BHP Billiton Ltd. (BHP) and Rio Tinto Group won their second mining-tax battle in Australia after the government agreed to allow them to credit future state royalties imposts against a planned 30 percent levy on their profits.

The government aims to release draft laws in coming months and introduce the legislation in the second half of the year, Treasurer Wayne Swan and Resources Minister Martin Ferguson said today in an-emailed statement, accepting all 98 recommendations of a review into the tax on coal and iron ore producers.

A campaign by mining companies last year forced Prime Minister Julia Gillard to water down the original tax proposed by ousted national leader Kevin Rudd. Today’s decision ends a second dispute over the tax, forecast to raise A$7.4 billion ($7.5 billion) in its first two years from 2012.

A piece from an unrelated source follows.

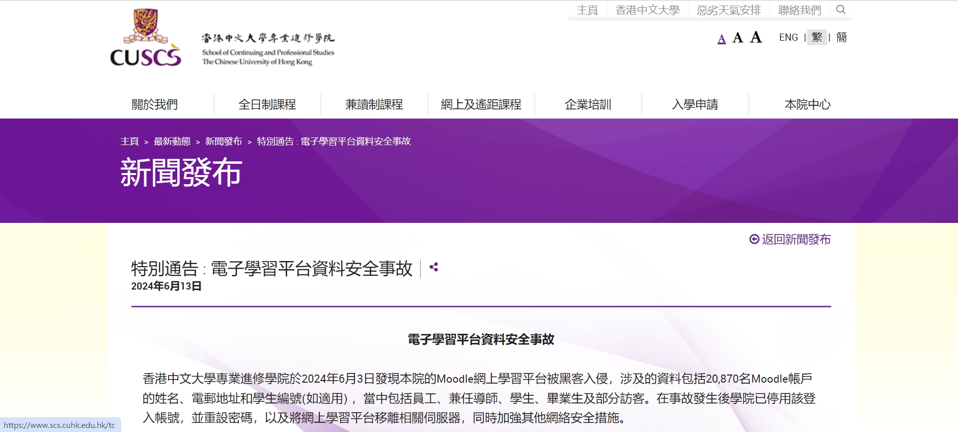 香港中文大學專業進修學院於2024年6月3日發現本院的Moodle網上學習平台被黑客入侵,涉及的資料包括20,870名Moodle帳戶的姓名、電郵地址和學生編號(如適用),當中包括員工、兼任導師、學生、畢業生及部分訪客。在事故發生後學院已停用該登入帳號,並重設密碼,以及將網上學習平台移離相關伺服器,同時加強其他網絡安全措施。

“The government supports the recommendation that all current and future royalties be credited,” the ministers said in the statement released in Canberra. “All levels of government should ensure the taxation of Australia’s resources preserves our international competitiveness.”

BHP rose 1.2 percent to A$44.71 at the 4:10 p.m. Sydney time close on the Australian stock exchange. Rio gained 1.1 percent, while Macarthur Coal Ltd. increased 3.5 percent.

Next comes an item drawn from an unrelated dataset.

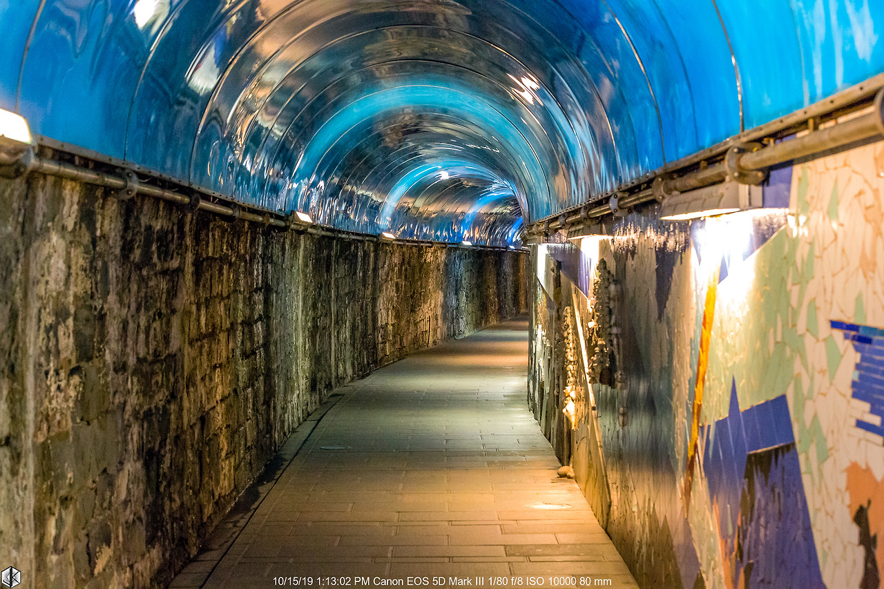 기차역에서 마을까지 터널을 통과해야 하는데 마치 터널을 지나면 왠지 바다가 나올 것 같은 해저터널 분위기를 연출해 놓았다.
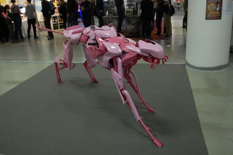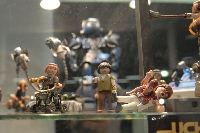 TECKLAB m'a surprise parce que je n'ai pas l'habitude de voir de la robotique et des jeux vidéos sur les salons où je suis invitée. Je n'ai pas essayé de jeux vidéos, je ne suis pas très douée mais j'ai imaginé plus d'un ami complètement déchainé dans cette trentaine de stands à disposition où la seule file d'attente vraiment grande le samedi était celle du jeu Strike suit zéro (avec masque à réalité virtuelle). Je ne pense pas que ce confort d'utilisation durera longtemps si le bouche à oreille fonctionne pour les prochaines éditions de ce salon (deux heures le dimanche déjà [image error] ). Dans ce quartier, il y avait aussi des maquettes dont notamment une DeLorean, avec over-board, casquette et chien en peluche, et plus loin, un chien rose taillé dans une moto (impossible de me souvenir de la référence du film). Sur un autre stand, deux petits robots dansaient et pouvaient même faire le poirier, un automate d'1m50 non loin de là. Pas de costume spécial ici, une rémanence des Stars Wars et de super-héros seulement et une nouvelle vitrine de Playmobils un fois de plus supercustomisés en terminator, morts-vivants et autres supplices qu'on a toujours imaginé faire à ses petites poupées de plastique trop sages [image error]

Miners including BHP, Rio and Xstrata Plc (XTA) argued that the July 2 agreement with the government included an accord to credit all future state royalties and that investment decisions had been based on that understanding. The government previously said it wouldn’t credit future royalty increases by the states.

Rio Tinto

“We note the government’s announcement and look forward to seeing the Policy Transition Group recommendations, including credit for royalties, reflected in the legislation,” Rio managing director of Australia David Peever said in an e-mailed statement. “We will follow the legislative process closely.”

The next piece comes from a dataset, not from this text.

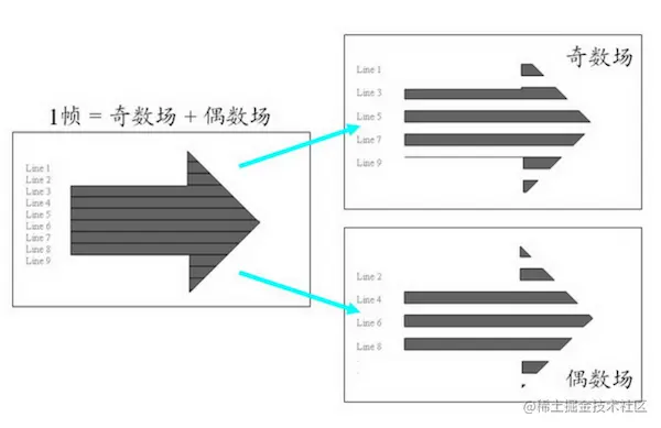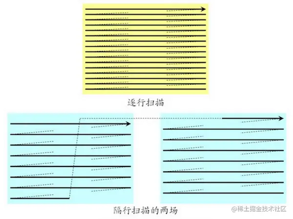 - 隔行扫描:扫描下来的一帧图像就被分为了两个部分,这每一部分就称为「场」,根据次序分为:「顶场」和「底场」.适合于非运动图像

BHP spokeswoman Kelly Quirke said the company remains committed to working with the government in accordance with the heads of agreement.

The review, headed by former BHP Chairman Don Argus said in December that mineral and gas royalties should be creditable against the planned Minerals Resource Rent Tax liabilities.

The Reserve Bank of Australia today highlighted gains in resource company profits in its financial stability review released in Sydney.

“On a matched sample basis, underlying profits for listed ASX 200 resources companies were around 68 percent higher in the second half of 2010 compared with the corresponding period in 2009, while profits for other non-financial companies were little changed,” the central bank said.

Earnings, Tax Proceeds

Share market analysts are forecasting resources companies’ earnings to increase by 64 per cent in the 2011 fiscal year, the bank said.

Gillard in July cut the proposed tax to a 30 percent levy on iron ore and coal profits from predecessorRudd’s 40 percent tax on all resource profits.

The proceeds from the tax will reduce the corporate tax rate for all Australian businesses to 29 percent from 30 percent, provide A$6 billion in spending for roads, rail and ports, and increase the amount paid to people’s retirement savings to 12 percent of their salary by 2020 from the current 9 percent.